Dopo che il barista ebbe tolto di mezzo le schegge di vetro, Adil la fissò con aria grave. «Di preciso perché sei andata a trovare George?», le chiese.

«Non che siano affari tuoi, ma era per fargli delle domande. Non ho ottenuto risposte. Ha insinuato che dovrei prendermi una vacanza, per i nervi».

«Magari ha ragione», disse Adil con un sorrisetto, quindi continuò a parlare con una nota divertita nella voce. «Pagaiare risalendo la corrente in mezzo alle mangrovie mentre gli uccelli volteggiano in alto. C’è molto da vedere. Per esempio, sapevi che le radici delle mangrovie crescono in parte fuori dal terreno?».

Lydia socchiuse gli occhi. «Hai scordato le zanzare e il caldo opprimente».

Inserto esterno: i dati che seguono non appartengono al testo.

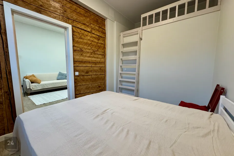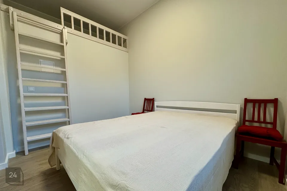 Elutoas on mugav diivan, magamistoas lai voodi (160 cm) ning redel, mis viib väikesele magamisalale, mida saab kasutada ka panipaigana. Köök on täielikult varustatud integreeritud tehnikaga: induktsioonpliit, ahi, õhupuhasti, nõudepesumasin, külmik, mikrolaineahi ja pesumasin. Pesuruumis on põrandaküte, automaatne ventilatsioon, walk-in dušinurk ja WC.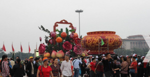 9月22日,北京天安门广场上的巨型花篮初具规模。据了解,2013年国庆花篮高达18.2米,篮盘直径达到15米,中心花坛直径达到50米,是天安门广场历年最大的花篮。新华网
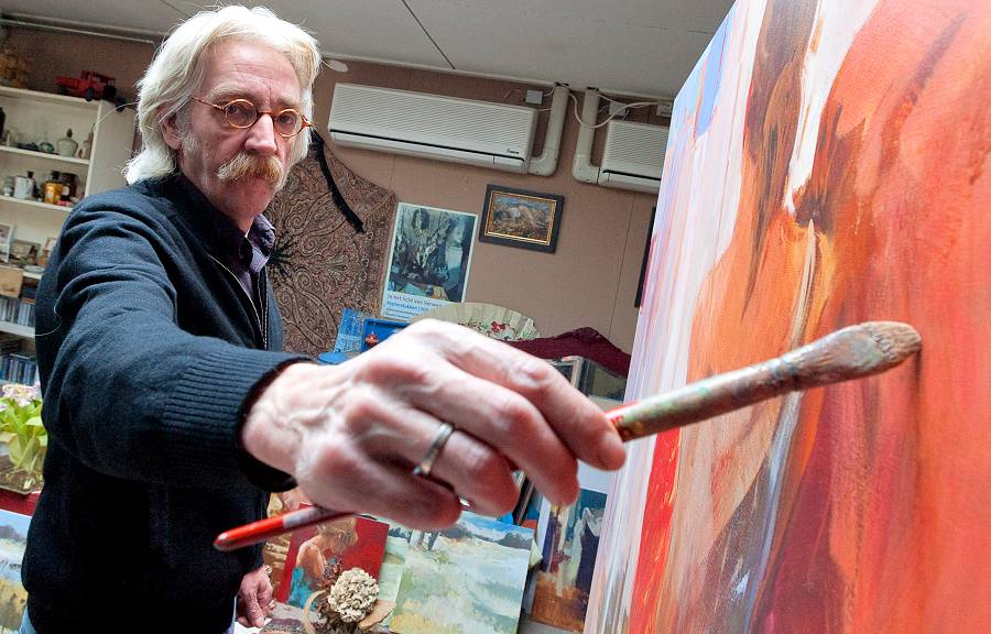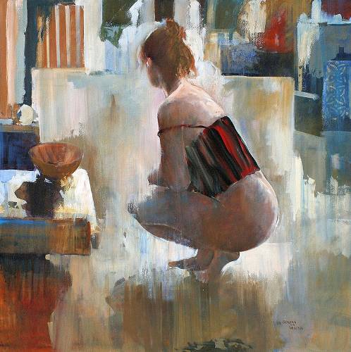 Gerard van de Weerd (1952) schildert verstilde taferelen, waarin zuivere vlakken, eenvoud en een impressionistische schilderstijl de boventoon voeren. Wat echter allerminst afbreuk doet aan de sterke verhalende kracht van zijn schilderijen. Met behulp van licht, het samenspel van diepe, heldere kleuren en de driedimensionale kracht van royaal aangebrachte lagen olieverf afgewisseld met lege vlakken, weet van de Weerd een sfeer te creëren, die tegelijk intiem, spannend en dynamisch is. De kunstenaar schildert bij voorkeur in zijn eigen atelier in Hoogeveen, waar eerst een ruwe versie van het beoogde onderwerp wordt opgezet, waarna het schilderij vanuit zichzelf mag ontstaan. Realistische en vrij bedachte elementen worden tijdens het schilderproces in een harmonieuze compositie met elkaar verenigd.

Lui fece una smorfia. «Già, credo di sì. Devi stare attenta anche al serpente corallo blu. Terribilmente velenoso».

«Be’, grazie per il sermone, ma adesso dimmi cosa ci facevi tu da George. Mi sembrava di averti visto lì davanti, il giorno che c’ero stata».

«Lavoro per lui. Be’, talvolta. Soprattutto io…».

Lo interruppe di colpo. «Lavori per George! E allora perché mai dovrei fidarmi di te?»

«In realtà, lavoravo per lui. Ora non più».

Colta alla sprovvista, Lydia sgranò gli occhi. «Stai mentendo».

Lui scosse la testa. «Mi spiace che lo pensi. Ti racconterò tutto. Ma usciamo di qui».

Si alzarono e si fermarono l’uno di fronte all’altra. Lydia ebbe un capogiro. Rendendosene conto, Adil allungò una mano per sostenerla, gli occhi pieni di calore. Perché si era scordata di quel calore? Se l’era dimenticato semplicemente perché non era bianco? Tenendole una mano sotto il gomito, Adil la guidò lungo il vicolo.

«Che ne dici del parco? Aria fresca», propose lui.

Strada facendo, attraversarono una pulsante galleria di negozi cinesi. L’uomo la guidò attentamente oltre cortine di pesce secco appeso attraverso un vicolo. Quando raggiunsero il parco, la folla si era diradata e passeggiarono lungo un sentiero che si snodava tra alberi frondosi. Neri ratti degli alberi fuggirono su per i tronchi per sparire in alto tra i rami. In un angolo tranquillo prospiciente un piccolo laghetto e circondato da ibischi rosa, Lydia sedette sulla panchina che lui indicava, le scarpe nuove che le stringevano le punte dei piedi.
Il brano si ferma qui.